REQUIRED WORK
Repeat each line of the material below exactly as it appears, minus any pictures.

DATA SHOWN
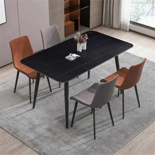 Обеденный стол — это сочетание элегантного дизайна и современных материалов. Столешница выполнена из керамической плиты толщиной 12 мм с красивым мраморным рисунком. Такая поверхность не только стильная, но и практичная — устойчива к нагреву, царапинам и требует минимального ухода.
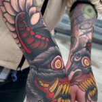 Tetování nadpřirozené bytosti Krampus, symboly na hřbet ruky
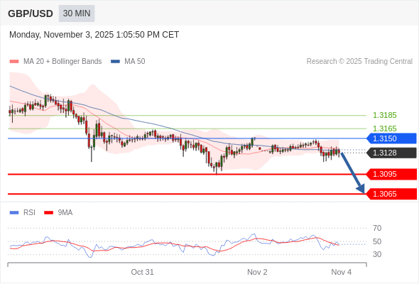 交易策略: 在 1.3150 之下,看跌,目标价位为 1.3095 ,然后为 1.3065 。

EXERCISE RESULT
 Обеденный стол — это сочетание элегантного дизайна и современных материалов. Столешница выполнена из керамической плиты толщиной 12 мм с красивым мраморным рисунком. Такая поверхность не только стильная, но и практичная — устойчива к нагреву, царапинам и требует минимального ухода.
 Tetování nadpřirozené bytosti Krampus, symboly na hřbet ruky
 交易策略: 在 1.3150 之下,看跌,目标价位为 1.3095 ,然后为 1.3065 。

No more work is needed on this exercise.